In terms of personnel, I think that there's a bit of a misnomer because we actually have more people working on that drilling rig now than we did five years ago because the pace and the intensity of the operation is so much faster – and we need to do it safely. It does take more people to coordinate.
We do have automation doing different things in the field, but it's not replacing people. We've actually increased the headcount by a few people per rig.
DD: How can the services sector as a whole best manage inflation?
AH: The challenge for our E&P customers is that as drilling contractors and service providers, our costs have risen significantly over the last couple of years, and we historically must pass those increases on to our customers. Although the industry has seen recent declines in commodity prices, service costs aren’t a function of commodity prices.

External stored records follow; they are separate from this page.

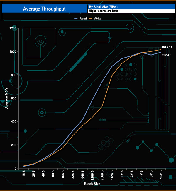 Cooler Master supplied our review sample Oracle Air bundled with a 1TB WD Blue SN570 which we used to test the enclosure. Both Read and Write performance peaks came at the end of the test run (16MB Block) with writes coming out fastest at 1,015.31MB/s with reads at 992.47MB/s. The read performance dipped slightly at the 8MB Block mark but recovered quickly to finish the test run at its peak read speed.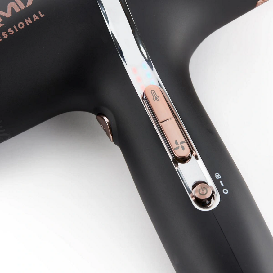 - Suszarka posiada 3 poziomy temperatury, 3 poziomy przepływu powietrza oraz przycisk zimnego powietrza, co pozwala dostosować ją do każdego rodzaju włosów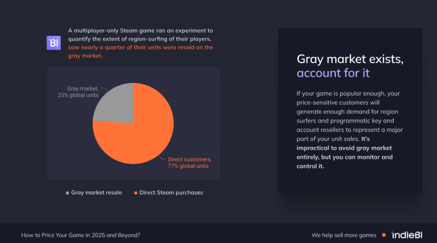 应对灰色市场:不可避免地,部分玩家会 “货比三家”,在盗版网站或第三方转售平台寻找你的游戏。若游戏足够受欢迎,专业灰色市场卖家会介入以满足需求 —— 他们可能从第三方商店批量购买激活码,或在你未提供实体零售时,购买 Steam 账号后 “以机器人脚本转售”。无论如何,这些卖家总会以 “最低可用价格” 收购你的游戏。你或许无法阻止灰色市场,但可以为团队争取更多灰色市场收入。若你认为灰色市场会对游戏造成影响,至少应将 “部分低价区域的定价” 适当提高 —— 例如,哈萨克斯坦区域定价从 2 美元升至 4 美元,卖家仍会进货,但你从灰色市场获得的收入会翻倍。

Service costs, whether it’s drilling rigs or frac spreads, are a function of equipment availability, wages that are competitive in the overall U.S. market and the costs for goods and materials needed to activate and maintain equipment.

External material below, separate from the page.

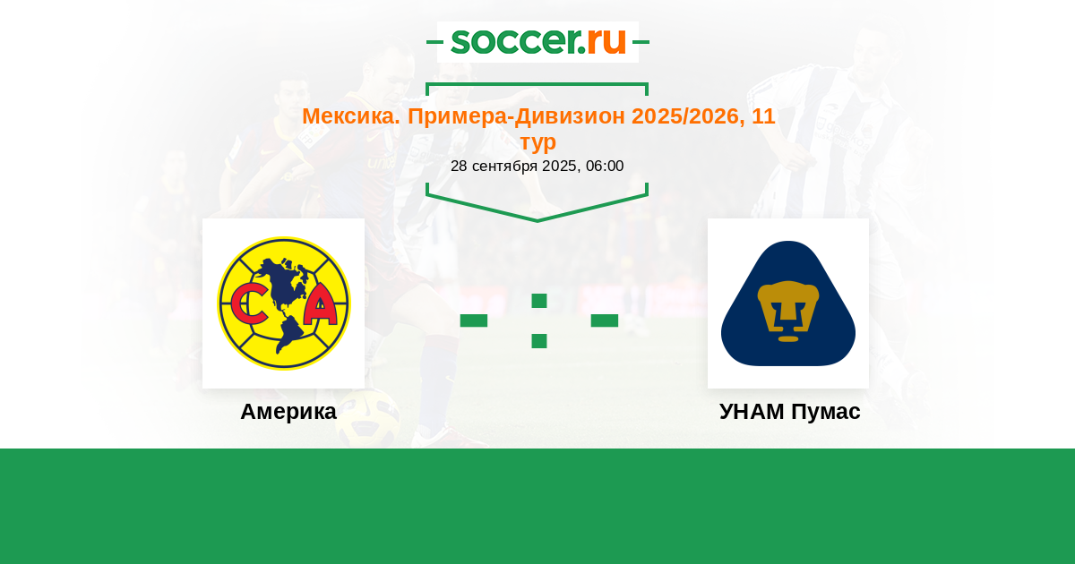 Мексика. Примера-Дивизион 04.10.2021 Америка Логотип футбольный клуб Америка (Мехико) 2:0 Логотип футбольный клуб УНАМ Пумас (Мехико) УНАМ Пумас

We have had to give two wage increases over the last two years. The first was a market adjustment as … industry activity increased, as many of our field personnel had only seen steady wages for a given position for the previous five-plus years. Then the second increase was directly related to the overall cost-of-living inflation in the economy.
Similarly, while service costs are increasing, E&Ps are benefitting from the shared achievements in improved efficiencies through technology and process improvements. For example, our super-spec rigs in the Permian are now drilling approximately double the footage-per-year versus four years ago. That means each drilling rig now produces twice as many wells per year on average for the E&Ps.

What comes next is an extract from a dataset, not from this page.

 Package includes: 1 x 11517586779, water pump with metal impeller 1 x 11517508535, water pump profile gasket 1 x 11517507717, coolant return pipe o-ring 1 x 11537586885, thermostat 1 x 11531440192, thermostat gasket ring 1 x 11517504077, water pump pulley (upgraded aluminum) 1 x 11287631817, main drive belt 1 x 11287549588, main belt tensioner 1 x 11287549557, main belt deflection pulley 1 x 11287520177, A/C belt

DD: How do you view consolidation in the basin?
AH: Consolidation within our customer base has always been a big part of our industry and that trend will continue as drilling inventory becomes depleted over time. Our strategy has always been to maintain strong partnerships and have a broad customer base. This coupled with high performing operations across our businesses allows us to be well positioned before and after potential mergers.
DD: How has the tight labor market affected your operations?
AH: We have not missed any work and have been able to staff our operations at safe levels, but it has not been without challenges to achieve this. The labor market in the U.S. has been very tight since the world emerged from the pandemic and businesses resumed and increased activity. With the growing demand for oil and gas, we have had to broaden our geographical searches in this tight labor environment and have had to incur additional costs in order to find, recruit, train and onboard the new employees in order to support our high level of operational excellence.
As a result, we have essentially doubled our activity level over the last two years. We are committed to supporting the growth, development and career advancement of our employees and excited to have them with our company.
DD: How do you see your role in the energy transition?
AH: We have a leadership position in low-emissions solutions for drilling and completion operations, and we are focused on continuing to implement and enhance these technologies. For example, our EcoCell lithium battery solution replaces a diesel generator at the wellsite and, when combined with our GenAssist power management automation software, these technologies can reduce overall fuel usage and emissions at the wellsite by up to 30%.
In doing so, we are helping E&P companies to move towards their goals of reducing emissions. As well, we have also invested in a geothermal company, Criterion Energy Partners, whose objective is to be able to provide a base load of electricity from geothermal wells, constructed using proven oilfield technologies. We are excited about the application of technologies we are deploying both to reduce emissions today and also to be able to help provide reliable and clean energy in the future.